Personal information
- Born: 18 February 1973 (age 53)
- Original teams: Subiaco Football Club, WAFL
- Debut: Round 3, 1995, Fremantle vs. Fitzroy, at Whitten Oval
- Height: 187 cm (6 ft 2 in)
- Weight: 92 kg (203 lb)

Playing career
- Years: Club / Games (Goals)
- 1993–2007: Subiaco / 51 (6)
- 1995–2007: Fremantle / 238 (11)
- Total:  / 289 (17)

Career highlights
- Fremantle best and fairest: 2nd 1997 & 2005; 3rd 2002; WA State of Origin team: 2002, 2004 & 2006; Fremantle vice-captain: 2002; Fremantle Life Member: 2003; Fremantle 25 since '95 Team;

= Shane Parker (footballer) =

Australian rules footballer

Shane Parker (born 18 February 1973) is a former Australian rules footballer who played for the Fremantle Football Club. He made his debut in 1995, Fremantle's inaugural year in the Australian Football League.

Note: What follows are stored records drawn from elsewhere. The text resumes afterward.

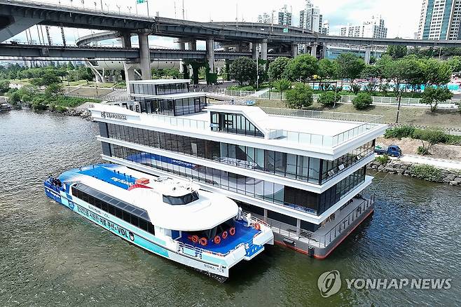 (서울=연합뉴스) 서대연 기자 = 한강버스 체험운항이 시작된 1일 서울 광진구 뚝섬선착장에 한강버스가 잠시 정박하고 있다.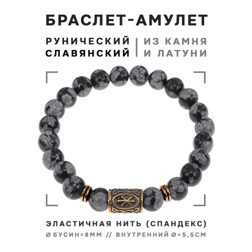 Браслет со славянской руной Рок и нат.камнем Снежный обсидиан, 8мм BSRN-13-14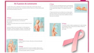 O documento discute a prevenção e detecção precoce do câncer de mama, incluindo estatísticas sobre a doença, fatores de risco, exames de rastreamento e tratamentos. Ele também descreve a campanha Outubro Rosa, que visa conscientizar sobre a importância da luta contra o câncer de mama.

In 2005, Parker became the first person to play 200 games for the club and celebrated the match by kicking the 10th goal in his career, his first goal in almost 4 seasons. He was known for his reliability in defence and his reclusive nature.

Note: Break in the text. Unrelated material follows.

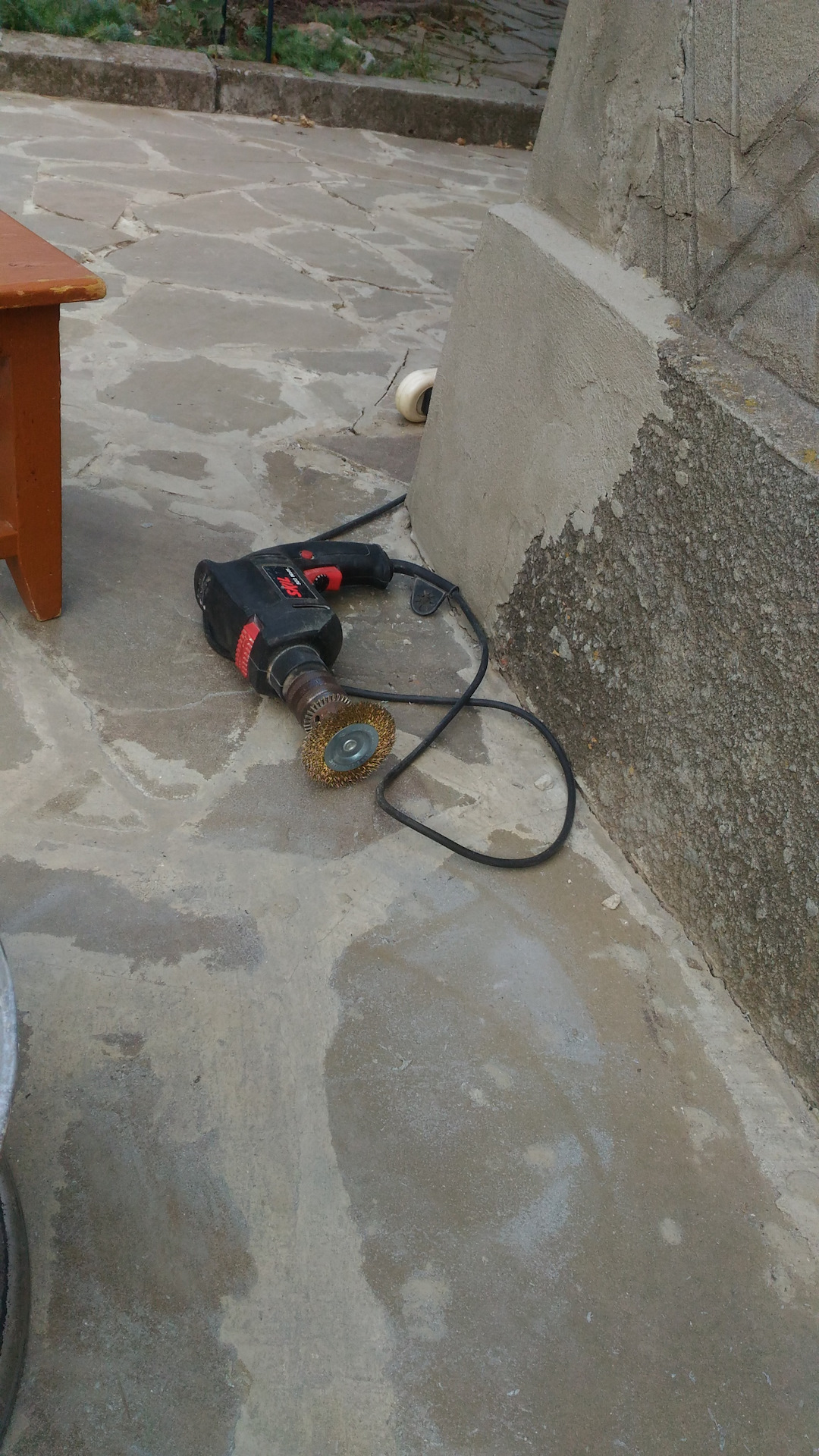 Купила так называемую "обезьяну" на дрель, наждаки, краску, лак. Поехали. Отмыла сначала. Остальное на фото, не судите строго, я не волшебник, я только учусь!))))

On 24 August 2007 after 238 games, Parker announced his retirement from AFL football (along with fellow player Troy Cook). Parker was the Dockers longest serving player for Fremantle until it was broken by Matthew Pavlich in 2016. Pavlich's record was however broken by David Mundy in 2021.

Parker attended St Stephen's School, Perth and is a devout Christian. In 2005 he was allegedly religiously vilified by Fraser Gehrig.